Daily Archives: May 14, 2021

MIT and Salem: little details and big plans

I knew that students in the pioneering professional architectural program at the Massachusetts Institute of Technology came to Salem to measure and draw interior and exterior details of notable Salem houses in the 1890s and after, but I did not know that the “Salem as laboratory” role extended well into the twentieth century for both architecture and urban planning students at MIT: recently I browsed through an archive of MIT Masters’ theses and saw several Salem studies among them as graduate students considered the waterfront, how to integrate historic and modern architecture (a perennial problem), public art, and the logistics of tourism, among other spatial topics. These were interesting to read as we seldom have debates about public spaces in Salem that are intellectual or contextual or even public: projects are simply announced and implemented. The most interesting thesis for me was one of the oldest, entitled “A new Peabody Museum for Salem, Massachusetts,” written by M.Arch candidate Donald H. Panushka in 1951. The thesis of Mr. Panushka’s thesis was that the Peabody Museum of Salem, especially its beautiful East India Marine Hall, was both detached from the waterfront and crowded in by commercial development on Essex Street, so that it should be removed to the Derby Wharf campus of the Salem Maritime National Historic Site (SMNHS). As you can on his map below, several other waterfront sites were considered, but ultimately he chose the large lot adjacent to the wharf in what was solely an academic exercise: I don’t think Mr. Panushka even consulted the SMNHS, but he did include some striking photographs and renderings to make his case. So it’s an interesting “what if” scenario, visually presented. I’m not sure the mid-century buildings placed alongside the relocated Hall would have weathered well, but knowing what we know about the development of Witch City in the later twentieth and twenty-first centuries, it’s tempting to think about how a more robust interpretation of Salem’s maritime heritage might have countered that trend—-and we could have had a ship decades before the Friendship. But again, it was all academic.

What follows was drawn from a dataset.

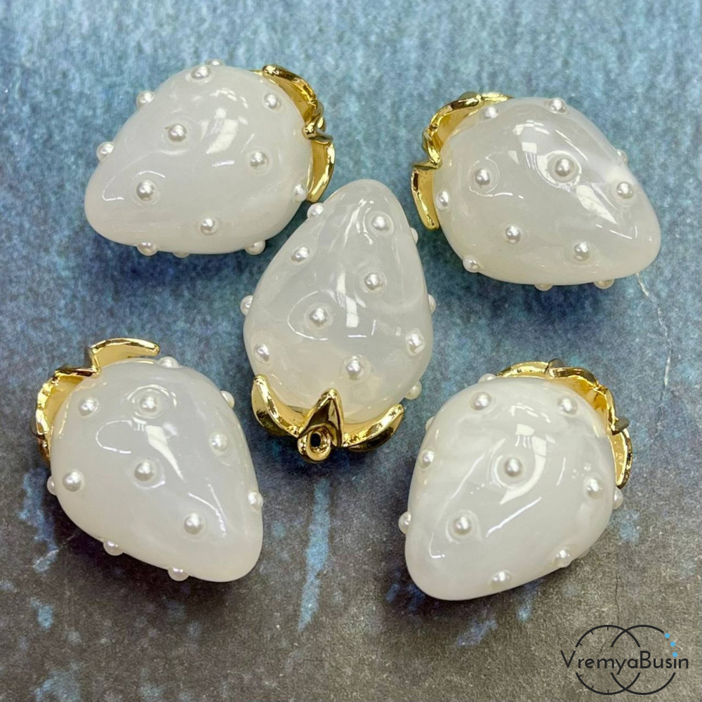 • Подвеска из смолы с жемчужинками «Клубничка», ок. 16х24 мм, латунь с позолотой, цв. белый (1 шт.)’
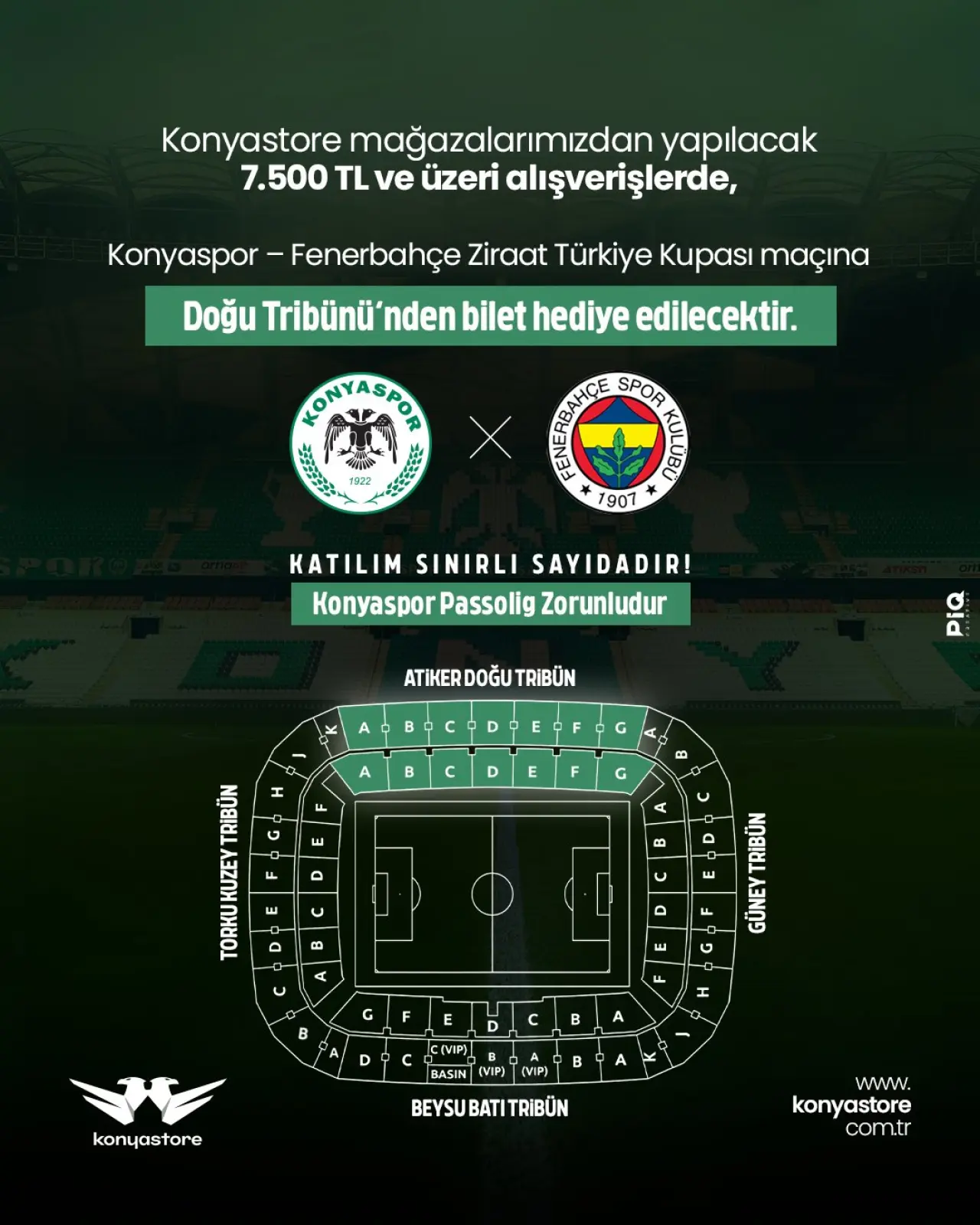 Yeşil-beyazlı kulüp, taraftarlarına bu maç için kampanya duyurusu yaptı. Konya Store mağazalarından yapılacak 7 bin 500 TL ve üzeri alışverişlerde Konyaspor – Fenerbahçe maçına Doğu Tribünü’nden ücretsiz bilet tanımlanacak.

The first generations of architectural students at MIT were a bit more focused on architectural practice than planning: several “summer schools” in the 1890s produced measured drawings of Salem houses that were published in the the American Architect and Building News and later the successive volume of the Georgian Period published by William Rotch Ware. Details, details: including those of several Salem houses which, unfortunately, no longer exist in a material sense as well as those which fortunately do.